(Excerpts from a dataset)
------------------------
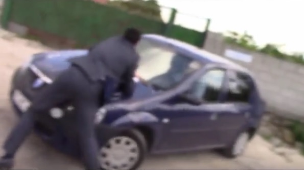 (VIDEO) Ofițer CNA în misiune, luat pe capota unui vameș
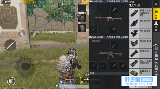 下(M416)上(mini) M416是5.56系列比较吃配件的武器,拥有五配件槽,可安装所有步木仓枪口,弹匣,两种握把,维克托通用的枪托,瞄具可安装基本镜到八倍镜,初始单弹匣30发,安装扩容弹匣为40发,M4是很具有魅力的一把武器,在满配后,其稳定性大幅度上升。
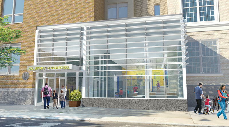The ambitious, $52.4 million, four-story addition will house 26 new classrooms, an entrance lobby, an outdoor play area, a cafeteria, offices and a medical suite. Designed in accordance with the NYC Green Schools Guide and Rating System by New York-based Urbahn Architects, the addition will put a premium on energy efficiency and a healthy environment, whilst preserving the original building’s early 20th century aesthetic.
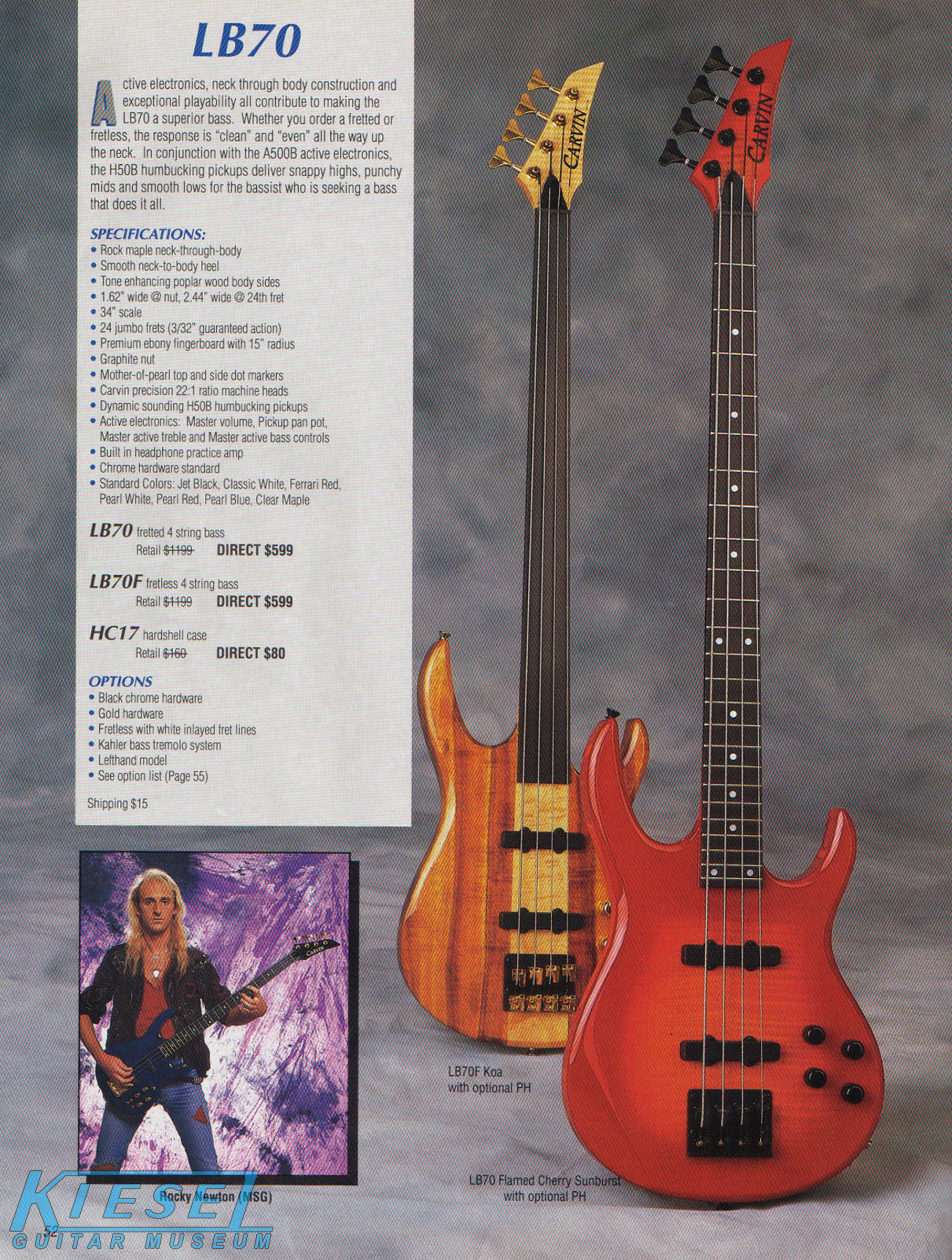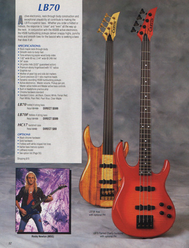simply used the volume controls for this function. These basses started at $599. Shown in the catalog was a fretless LB70F in koa,
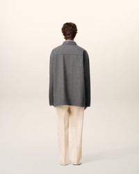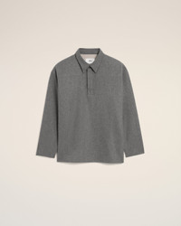 Long sleeved polo shirt in wool flannel. Unisex product Oversized fit Classic collar with hidden button placket Long sleeves Horn buttons Embossed Ami de Coeur under collar on center back Center back length : 81 cm (size XS) Center back length: 83 cm (size M) Made in Portugal (with love) REF: UPL781.WV0058.050 SIZE & FIT This style is unisex. For man, take your normal size. For woman, take one size down than your usual size. Man model is 186 cm / 6"1 and is wearing a size M. Woman model is 181 cm / 5"11 and is wearing a size XS. COMPOSITION & CARE GUIDE Main Material : 100% New Wool Chlorine prohibited Do not tumble dry Dry clean gentle Cool iron Do not wash
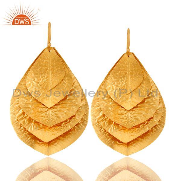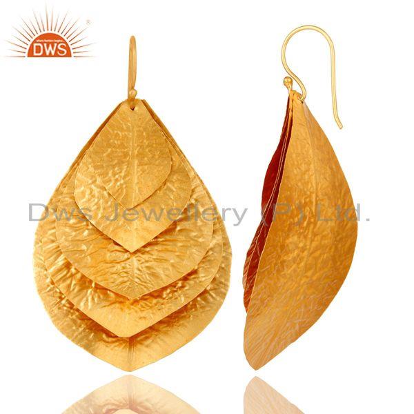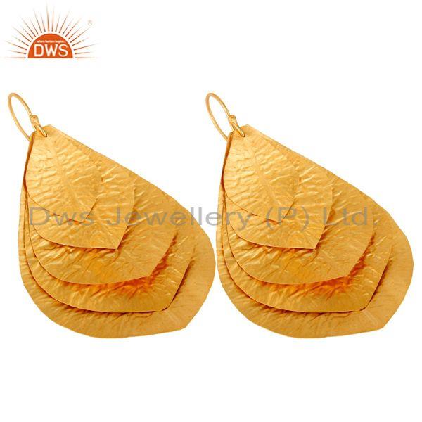 22K Yellow Gold Plated Brass Three Petals Dangle Earrings
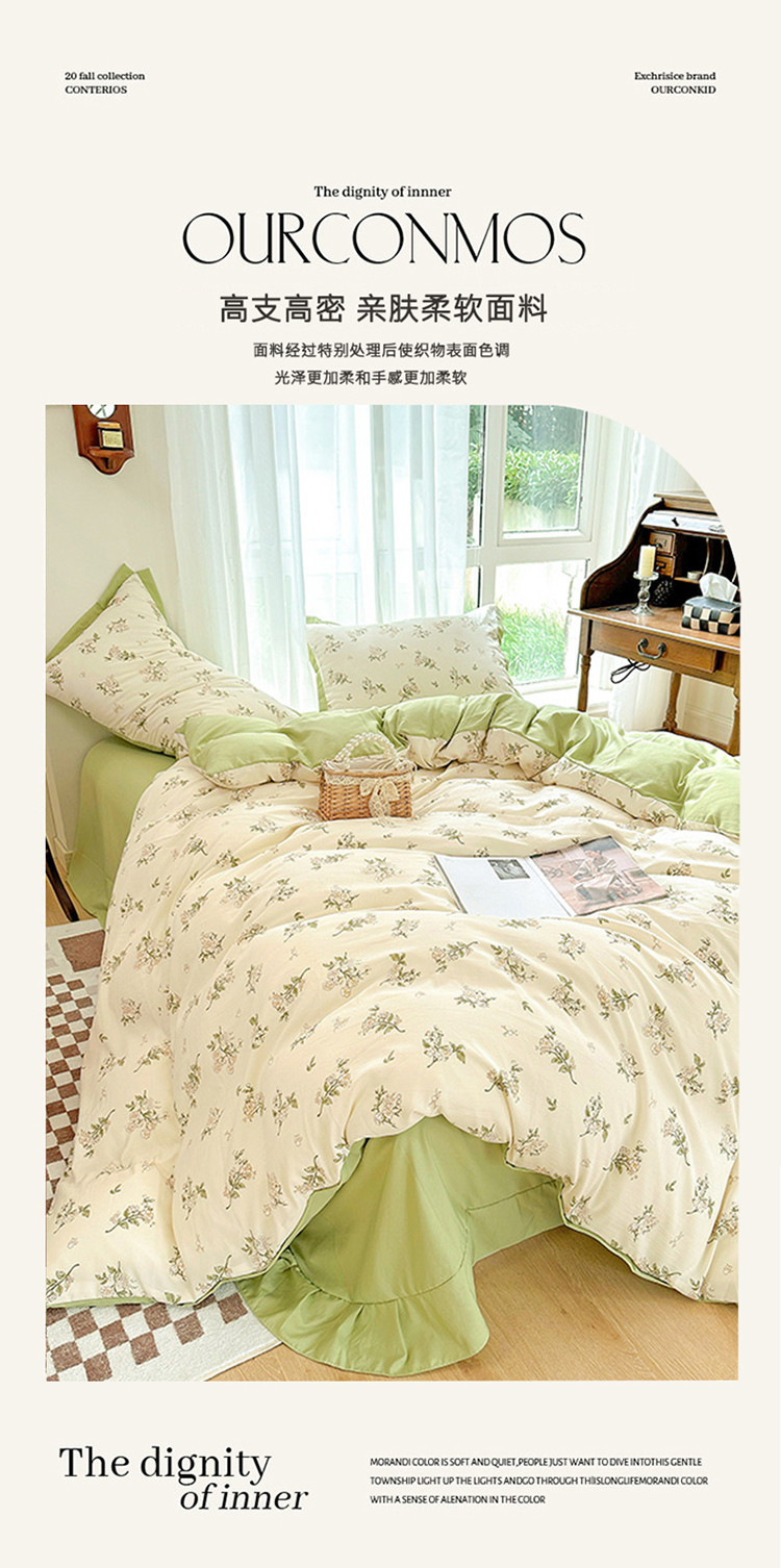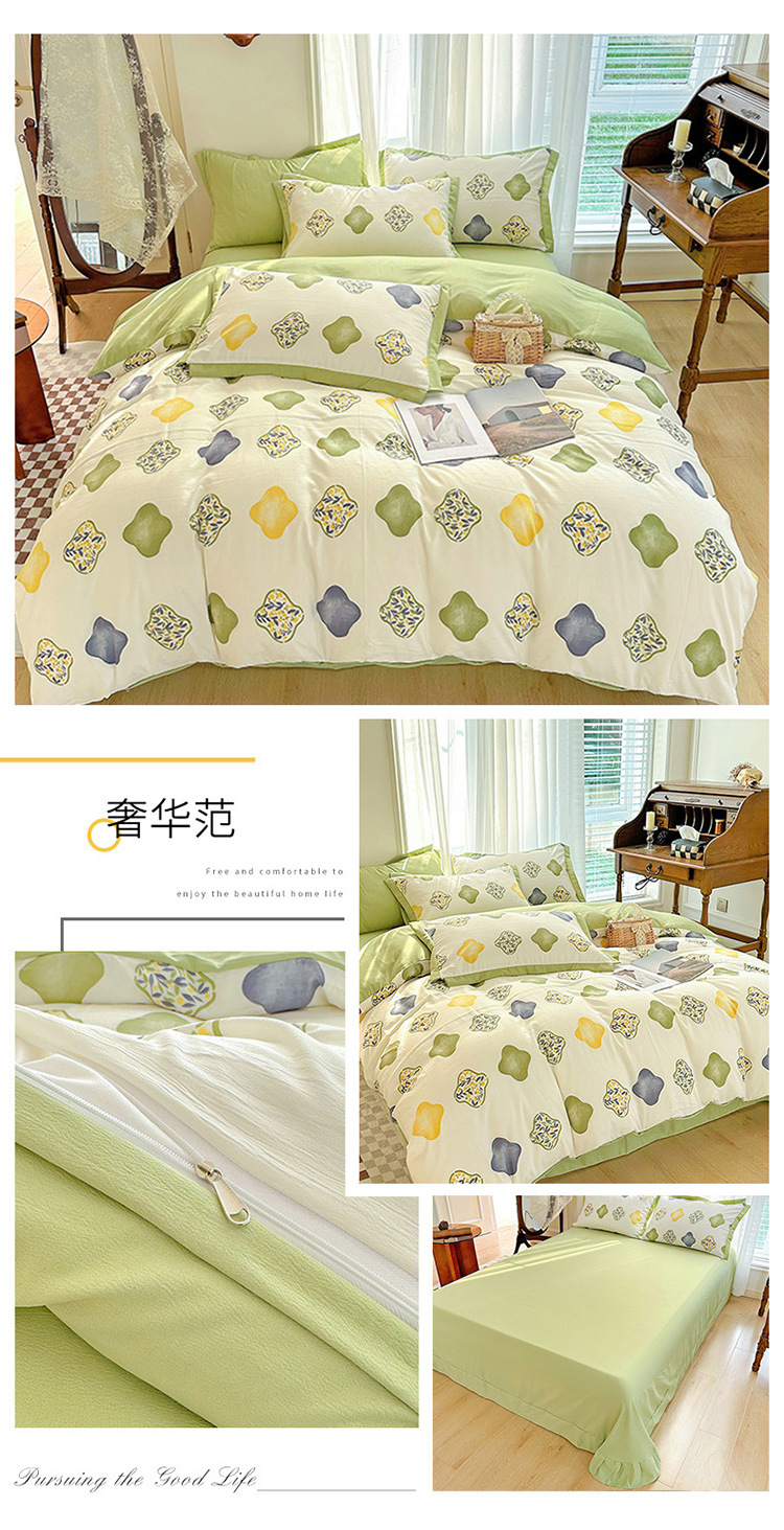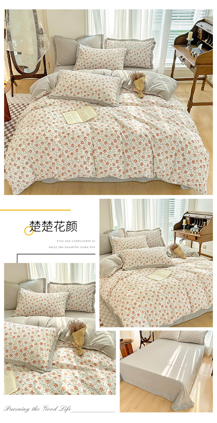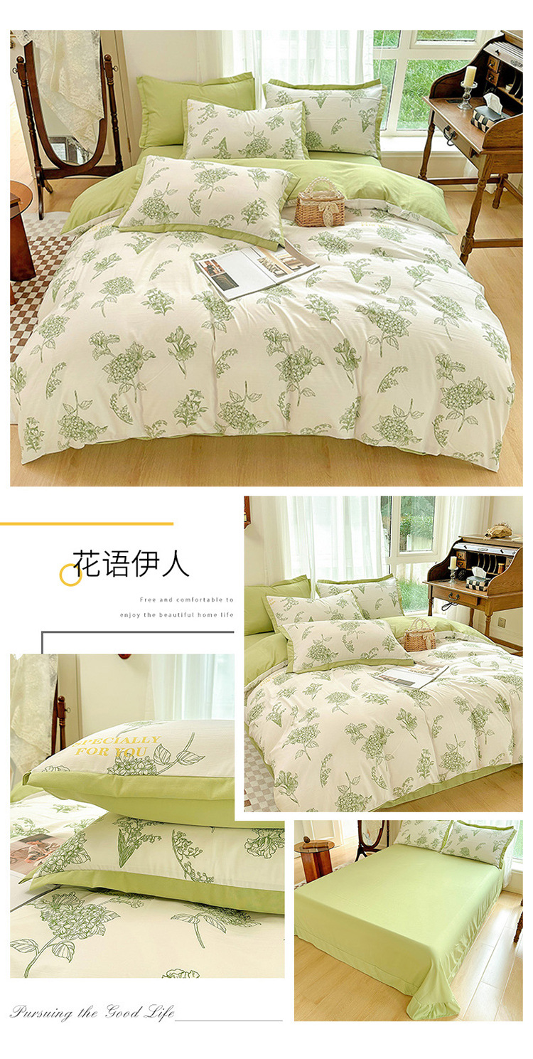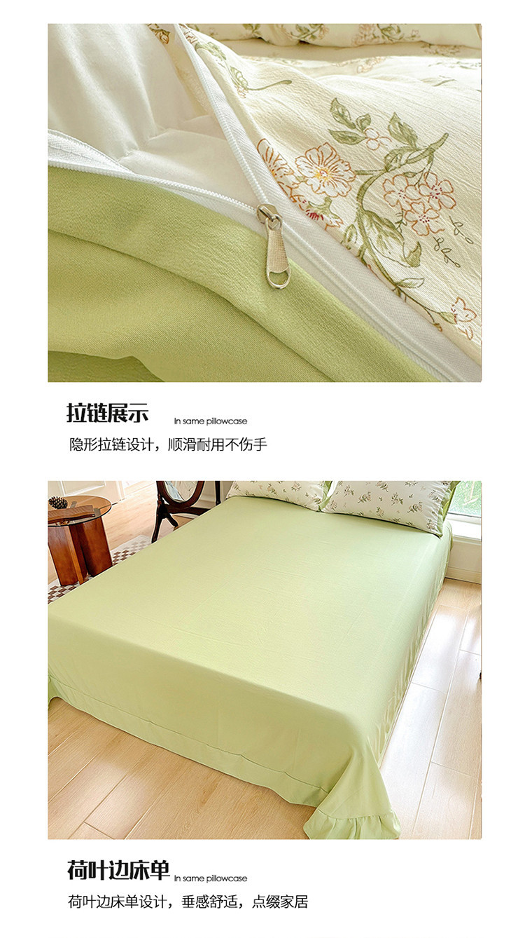 Primavera y verano, hilo de doble capa de clase a, lavado con agua, algodón y cáñamo, cuatro juegos de edredones de flores trituradas blandas y glutinosas, ropa de cama de bambú en el dormitorio de estudiantes
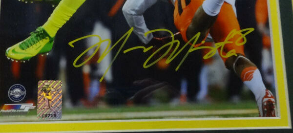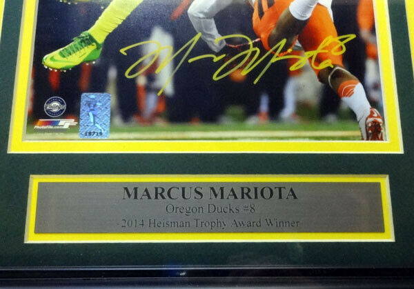 This is a framed 8x10 photo, approximately 15x18 with the frame, that has been hand signed by Marcus Mariota. It comes with the Marcus Mariota hologram & matching certificate of authenticity.
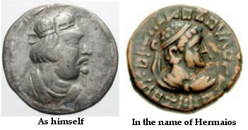| Whitehead 12 | Kujula Kadphises I and Hermaeos. 30-80 AD, AE Drachm, 20mm, 4.5 gr. legend with the name of Hermaeos, diademed and draped bust of Hermaios right / Karosthi legend, Herakles standing facing, head left, holding club and lionskin, no monograms. Whitehead 12; Calcutta 1; cf. BMC 1-8. | Text | Image |
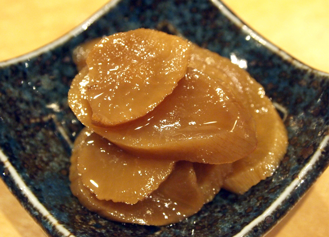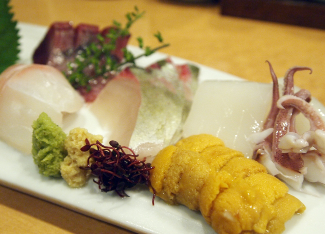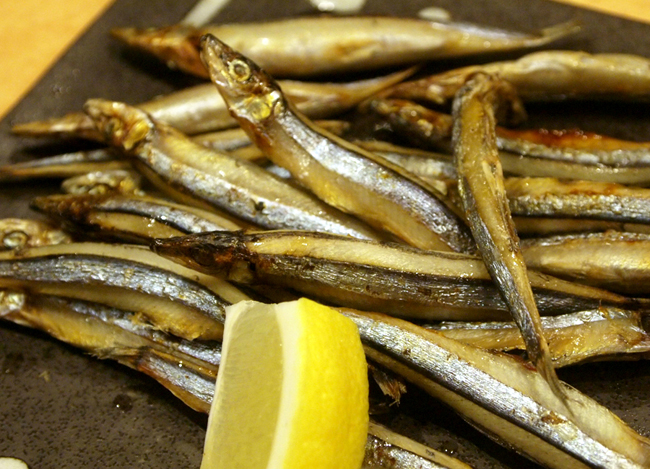 鹿児島新特産物、カンパチ薫製のお刺身。レモンをしぼって岩塩で食べていただきます。
------------------------
* [What you need to do]:
Skip every picture and return the lines above from the top through the one that contains "simply used the".

* [Output of the task]:
 (VIDEO) Ofițer CNA în misiune, luat pe capota unui vameș
 下(M416)上(mini) M416是5.56系列比较吃配件的武器,拥有五配件槽,可安装所有步木仓枪口,弹匣,两种握把,维克托通用的枪托,瞄具可安装基本镜到八倍镜,初始单弹匣30发,安装扩容弹匣为40发,M4是很具有魅力的一把武器,在满配后,其稳定性大幅度上升。
The ambitious, $52.4 million, four-story addition will house 26 new classrooms, an entrance lobby, an outdoor play area, a cafeteria, offices and a medical suite. Designed in accordance with the NYC Green Schools Guide and Rating System by New York-based Urbahn Architects, the addition will put a premium on energy efficiency and a healthy environment, whilst preserving the original building’s early 20th century aesthetic.
simply used the volume controls for this function. These basses started at $599. Shown in the catalog was a fretless LB70F in koa,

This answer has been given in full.